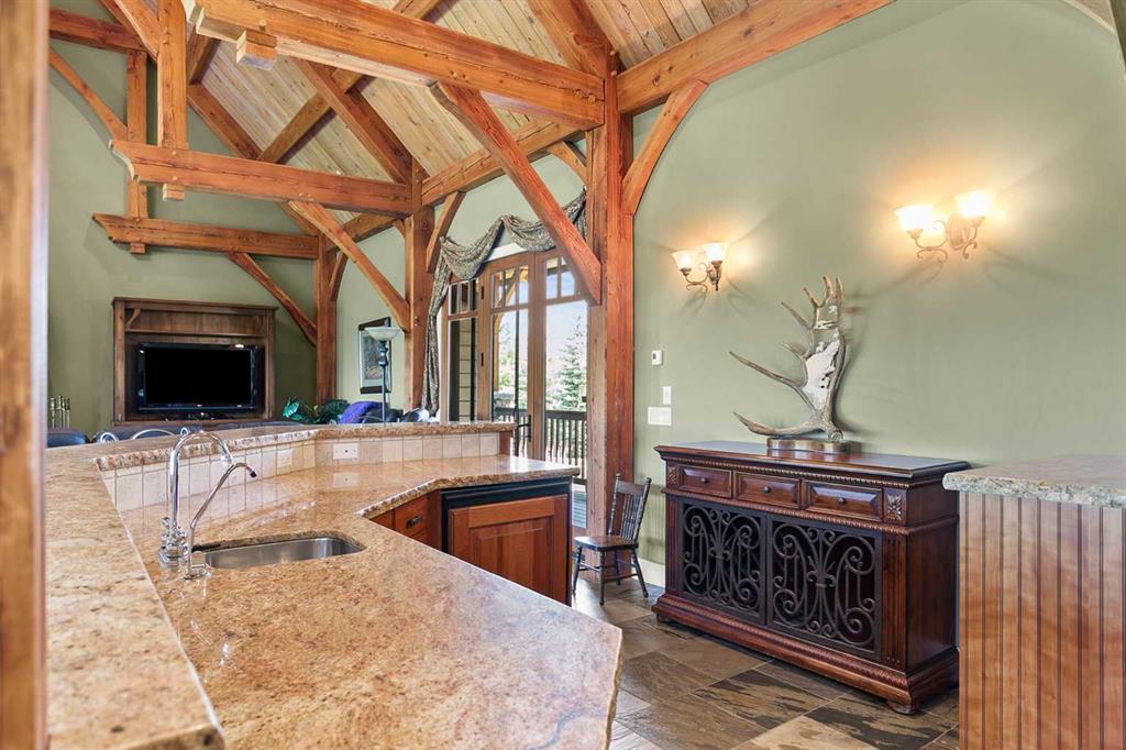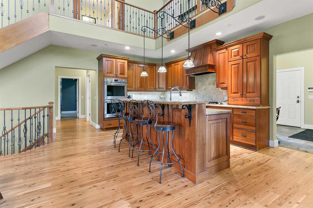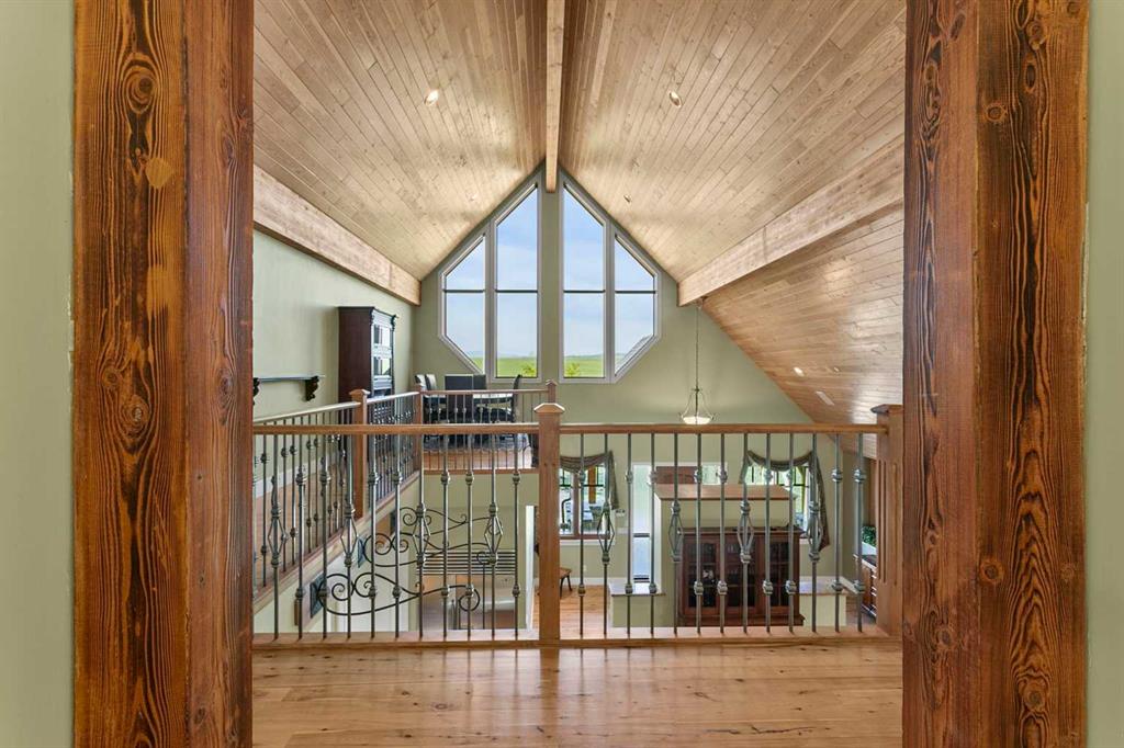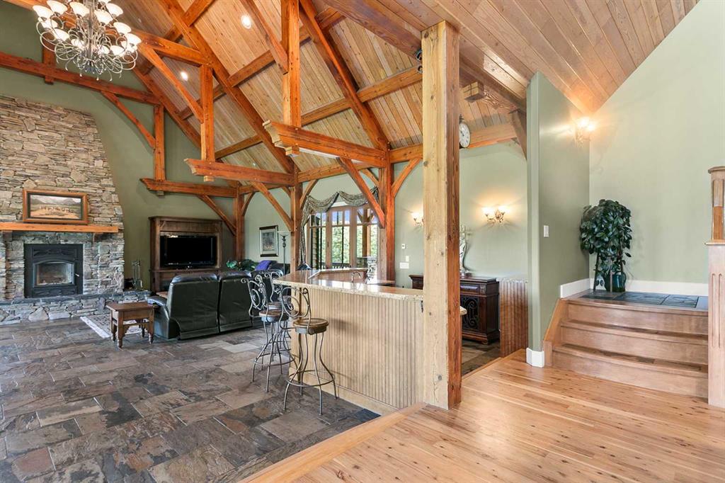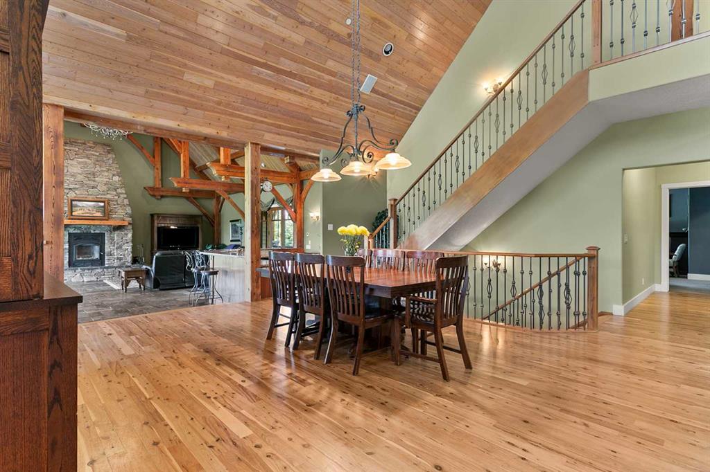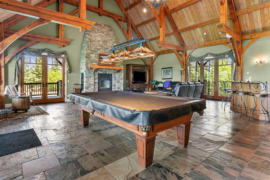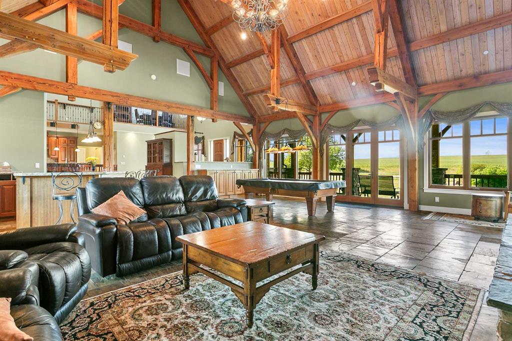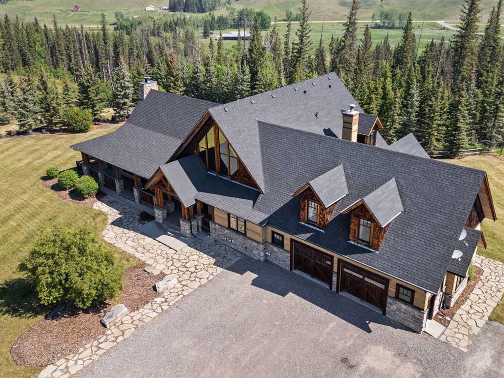 Discover the epitome of country living in this stunning residence, boasting nearly 9,000 square feet of luxurious space, nestled among serene trees on 160 acres near Millarville. This exceptional property offers breathtaking views of the rolling foothills and the majestic Rocky Mountains, creating a tranquil haven that feels truly magical. Perched at the highest point of the land, the main home is designed to maximize these spectacular vistas and includes a fully legal suite and a giant 62x40 foot shop. A second home is conveniently located near Highway 549, ensuring easy access while maintaining privacy. As you step inside, the awe-inspiring 30-foot high ceilings of the "A" frame design will immediately captivate you. Massive timber beams, expansive windows, and exquisite finishes are sure to leave your guests speechless. The expansive great room features a dramatic river rock fireplace, leading seamlessly into a gourmet kitchen equipped with granite countertops, a spacious island with an eating bar, top-of-the-line appliances, and a large walk-in butler’s pantry. The dining room flows into a vaulted living area, perfect for entertaining. This magnificent home includes 7 bedrooms and a fully developed basement. The main level features a luxurious master retreat with an oversized walk-in closet and a beautifully appointed ensuite. Upstairs, you’ll find 2 additional bedrooms with a convenient Jack and Jill bathroom, while the loft above the garage includes a full legal suite with its own kitchen. The fully finished basement boasts a massive theater room, a games room, 2 additional spacious bedrooms, and 3 storage rooms. Enjoy outdoor living at its finest with a large deck, a cozy firepit, and a custom-built BBQ area, all surrounded by stunning views perfect for horse and cattle enthusiasts. As you approach from the west end, take note of the second home and shop, and be sure to leave time to explore the expansive heated workshop. Crafted with love and expertise by the current owners, this property is the culmination of years of country living experience, ensuring every detail is perfect. Don’t miss the opportunity to make this hidden gem your own!
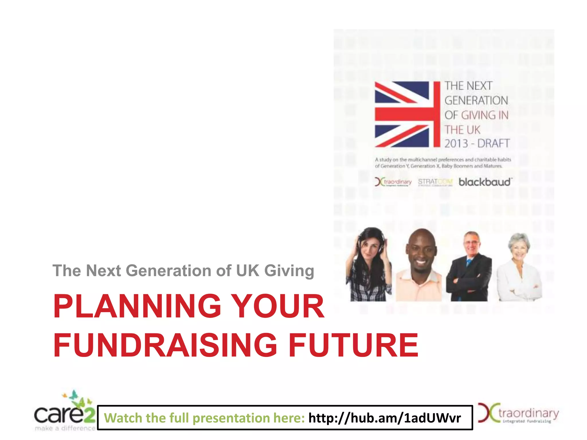 The document discusses the evolution of fundraising in the UK, highlighting the importance of multi-channel giving and the engagement of different donor demographics, particularly Gen X and Gen Y. It emphasizes the need for integrated communication strategies and personalized donor experiences to enhance fundraising effectiveness. A case study illustrates how one charity successfully increased its income through multi-channel integration, demonstrating the value of diverse giving methods and consistent messaging.
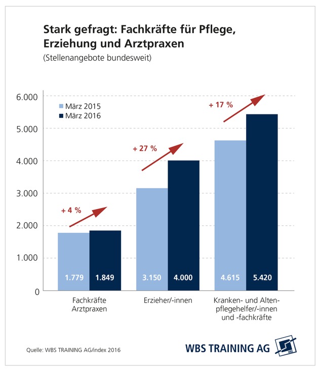 Die Nachfrage nach qualifizierten Fachkräften im Bereich Pflege, Gesundheit und Soziales auf dem Arbeitsmarkt ist unverändert hoch. Die Weiterbildungsspezialisten WBS Training und WBS Schulen haben in einer Untersuchung von Stellenanzeigen im März 2015 und 2016 herausgefunden, dass bundesweit mehr als 14.000 Stellen in diesen Bereichen ausgeschrieben waren. Besonders dramatisch ist die Suche nach Altenpflegehelfern gewachsen: Sie stieg innerhalb eines Jahres um 82 Prozent. Aber auch Altenpfleger (+34 Prozent) und Krankenpflegehelfer (+49 Prozent) waren stark gefragt. Insgesamt gab es im Bereich der Gesundheits-, Kranken- und Altenpflegehilfe im März 2016 5.420 Stellen. Sehr begehrt waren mit 4.000 Angeboten und einem Anstieg von 27 Prozent auch Erzieher und pädagogische Fachkräfte in der Kindertagespflege. Ebenso bewegte sich das Stellenangebot für Fachkräfte, die für einen reibungslosen Ablauf in Arztpraxen sorgen, mit 1.849 Stellen auf einem hohen Niveau. Diese Ergebnisse stellt WBS Training in seiner jüngsten Studie "JobReport Gesundheits-, Pflege- und Sozialberufe" vor.
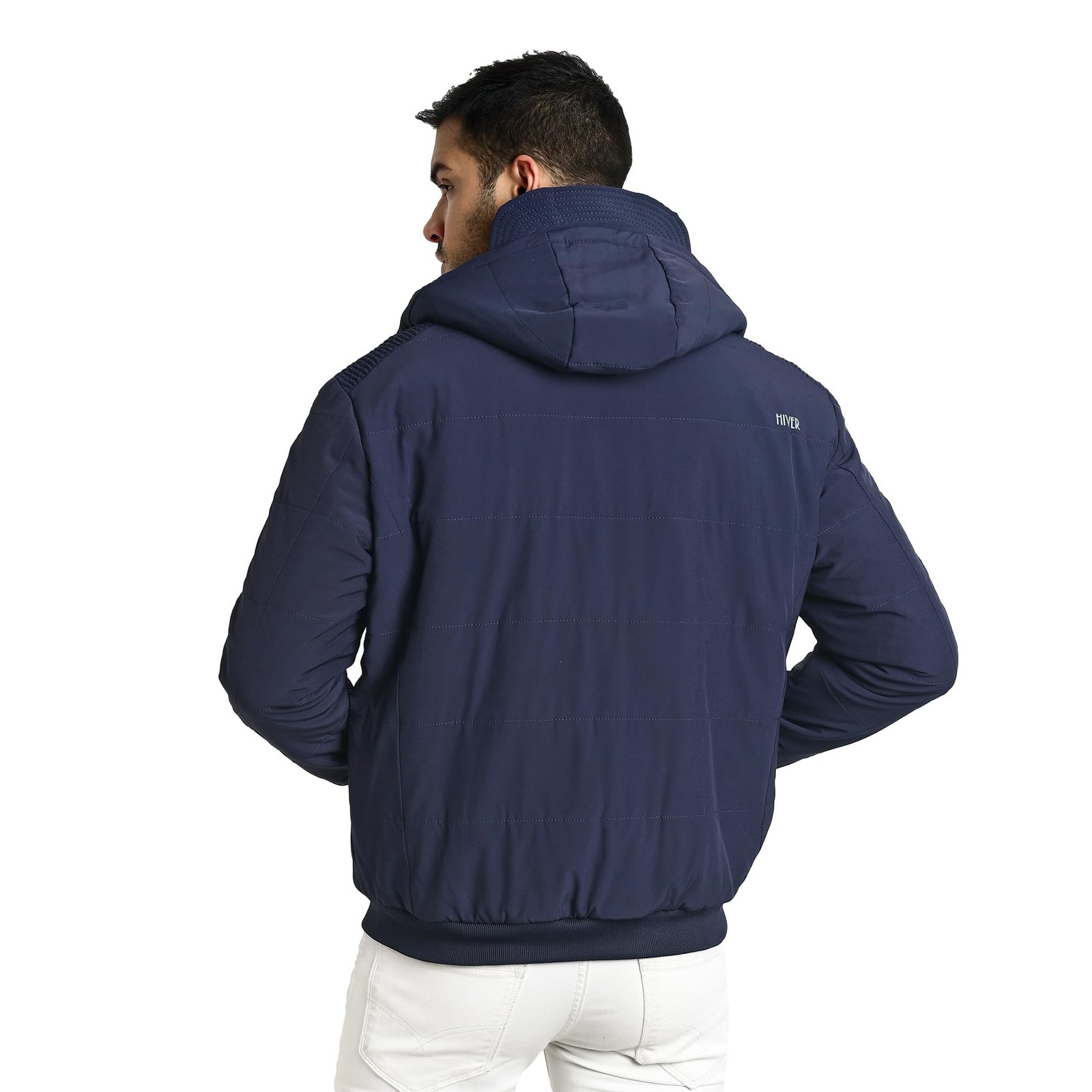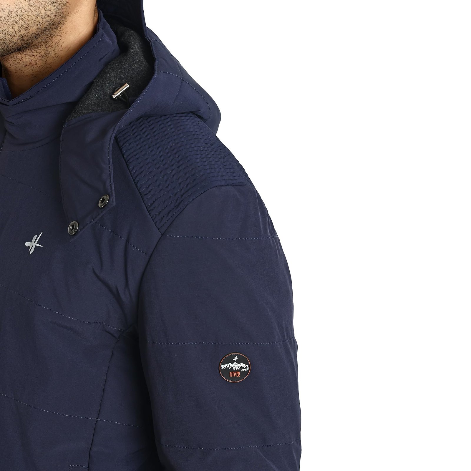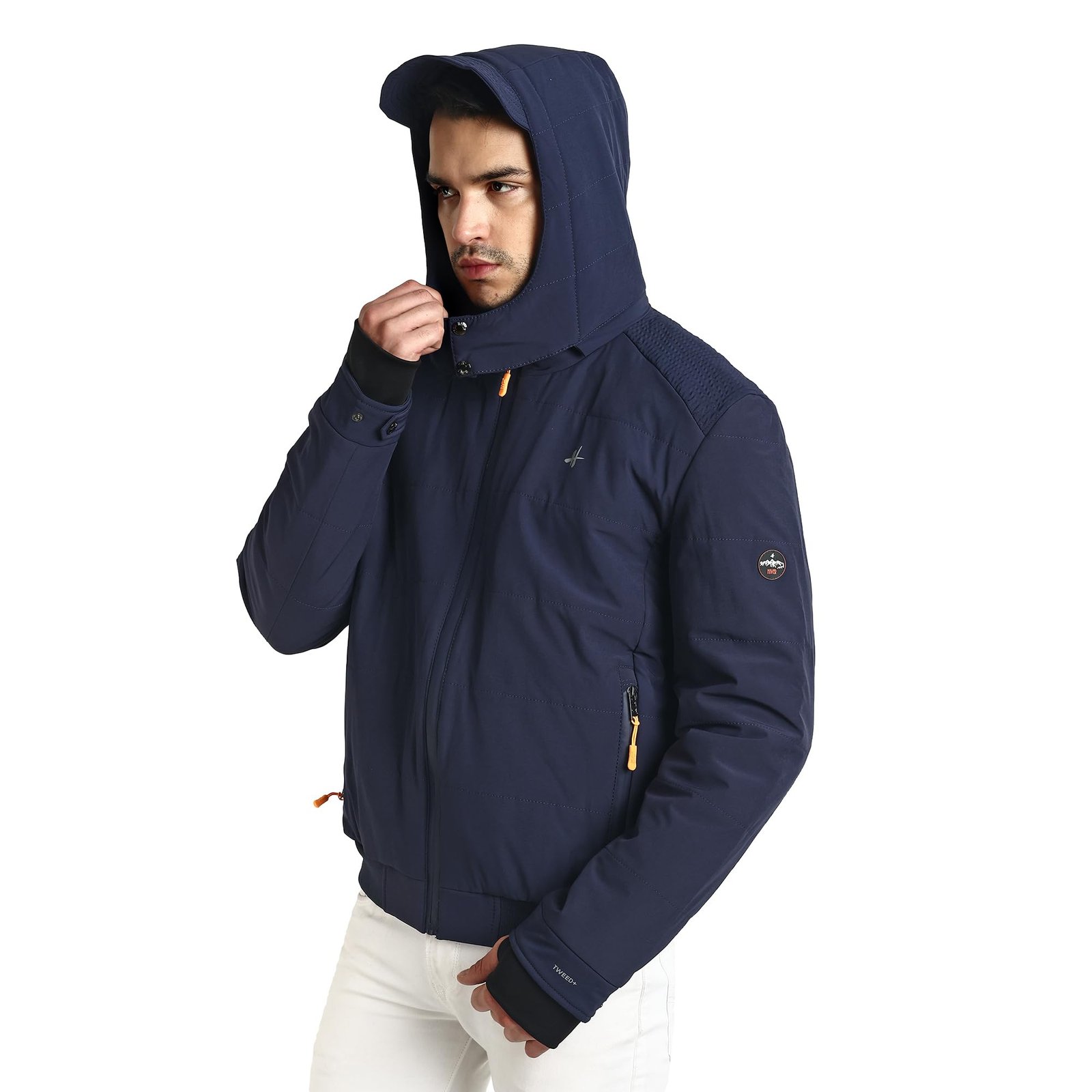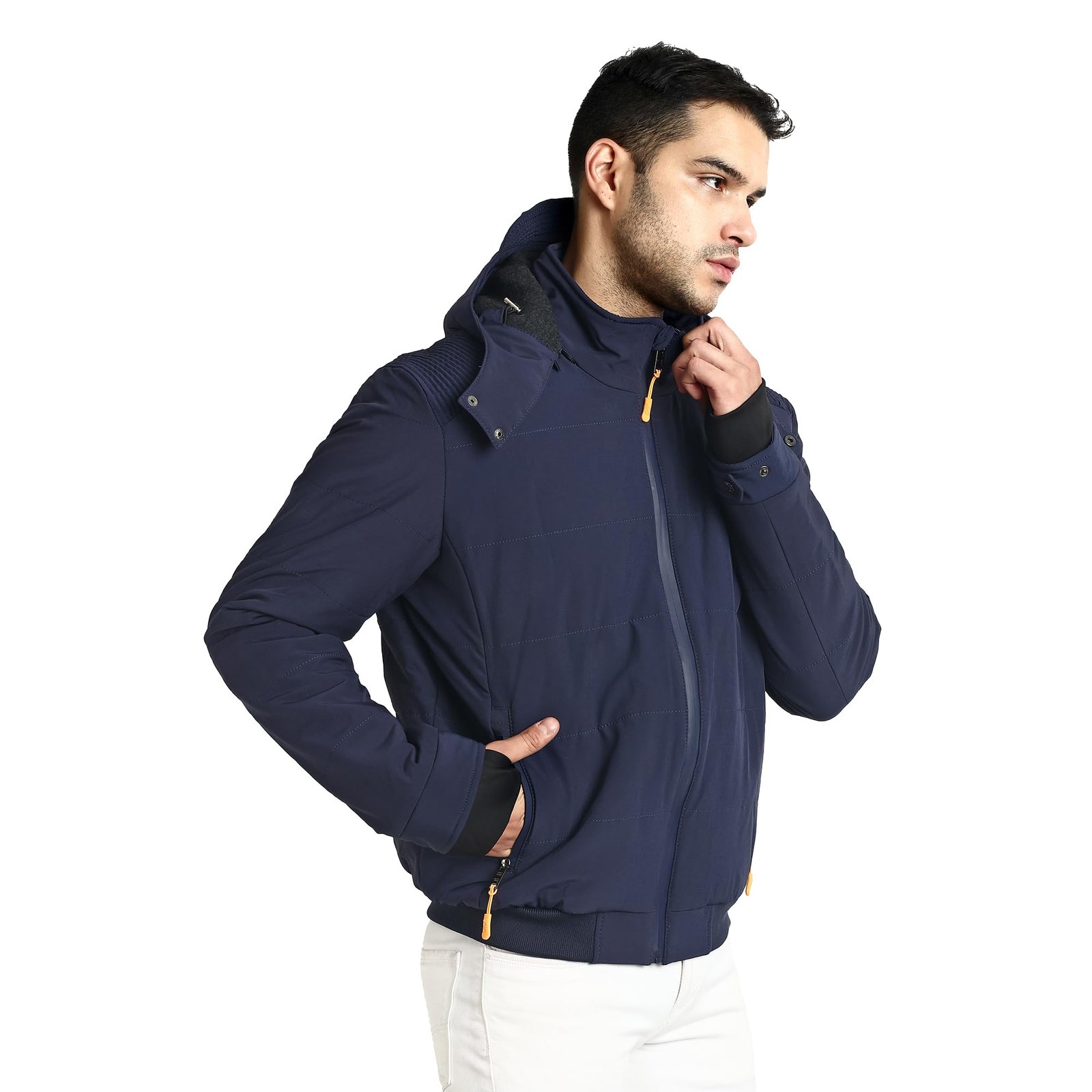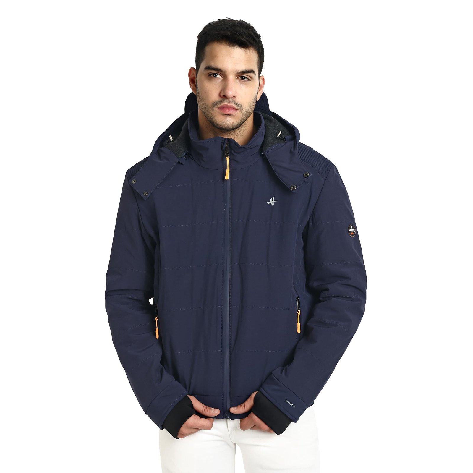 HIVER Men’s Nylon Standard Length Jacket Water Proof Full-Sleeved Winter Jacket with Hood For Minus Degree (Royal Blue, M)
:::
- _Activity_: Return the material above verbatim. Pictures are to be excluded.

- _Exercise solution_:
 Discover the epitome of country living in this stunning residence, boasting nearly 9,000 square feet of luxurious space, nestled among serene trees on 160 acres near Millarville. This exceptional property offers breathtaking views of the rolling foothills and the majestic Rocky Mountains, creating a tranquil haven that feels truly magical. Perched at the highest point of the land, the main home is designed to maximize these spectacular vistas and includes a fully legal suite and a giant 62x40 foot shop. A second home is conveniently located near Highway 549, ensuring easy access while maintaining privacy. As you step inside, the awe-inspiring 30-foot high ceilings of the "A" frame design will immediately captivate you. Massive timber beams, expansive windows, and exquisite finishes are sure to leave your guests speechless. The expansive great room features a dramatic river rock fireplace, leading seamlessly into a gourmet kitchen equipped with granite countertops, a spacious island with an eating bar, top-of-the-line appliances, and a large walk-in butler’s pantry. The dining room flows into a vaulted living area, perfect for entertaining. This magnificent home includes 7 bedrooms and a fully developed basement. The main level features a luxurious master retreat with an oversized walk-in closet and a beautifully appointed ensuite. Upstairs, you’ll find 2 additional bedrooms with a convenient Jack and Jill bathroom, while the loft above the garage includes a full legal suite with its own kitchen. The fully finished basement boasts a massive theater room, a games room, 2 additional spacious bedrooms, and 3 storage rooms. Enjoy outdoor living at its finest with a large deck, a cozy firepit, and a custom-built BBQ area, all surrounded by stunning views perfect for horse and cattle enthusiasts. As you approach from the west end, take note of the second home and shop, and be sure to leave time to explore the expansive heated workshop. Crafted with love and expertise by the current owners, this property is the culmination of years of country living experience, ensuring every detail is perfect. Don’t miss the opportunity to make this hidden gem your own!
 The document discusses the evolution of fundraising in the UK, highlighting the importance of multi-channel giving and the engagement of different donor demographics, particularly Gen X and Gen Y. It emphasizes the need for integrated communication strategies and personalized donor experiences to enhance fundraising effectiveness. A case study illustrates how one charity successfully increased its income through multi-channel integration, demonstrating the value of diverse giving methods and consistent messaging.
 Die Nachfrage nach qualifizierten Fachkräften im Bereich Pflege, Gesundheit und Soziales auf dem Arbeitsmarkt ist unverändert hoch. Die Weiterbildungsspezialisten WBS Training und WBS Schulen haben in einer Untersuchung von Stellenanzeigen im März 2015 und 2016 herausgefunden, dass bundesweit mehr als 14.000 Stellen in diesen Bereichen ausgeschrieben waren. Besonders dramatisch ist die Suche nach Altenpflegehelfern gewachsen: Sie stieg innerhalb eines Jahres um 82 Prozent. Aber auch Altenpfleger (+34 Prozent) und Krankenpflegehelfer (+49 Prozent) waren stark gefragt. Insgesamt gab es im Bereich der Gesundheits-, Kranken- und Altenpflegehilfe im März 2016 5.420 Stellen. Sehr begehrt waren mit 4.000 Angeboten und einem Anstieg von 27 Prozent auch Erzieher und pädagogische Fachkräfte in der Kindertagespflege. Ebenso bewegte sich das Stellenangebot für Fachkräfte, die für einen reibungslosen Ablauf in Arztpraxen sorgen, mit 1.849 Stellen auf einem hohen Niveau. Diese Ergebnisse stellt WBS Training in seiner jüngsten Studie "JobReport Gesundheits-, Pflege- und Sozialberufe" vor.
 HIVER Men’s Nylon Standard Length Jacket Water Proof Full-Sleeved Winter Jacket with Hood For Minus Degree (Royal Blue, M)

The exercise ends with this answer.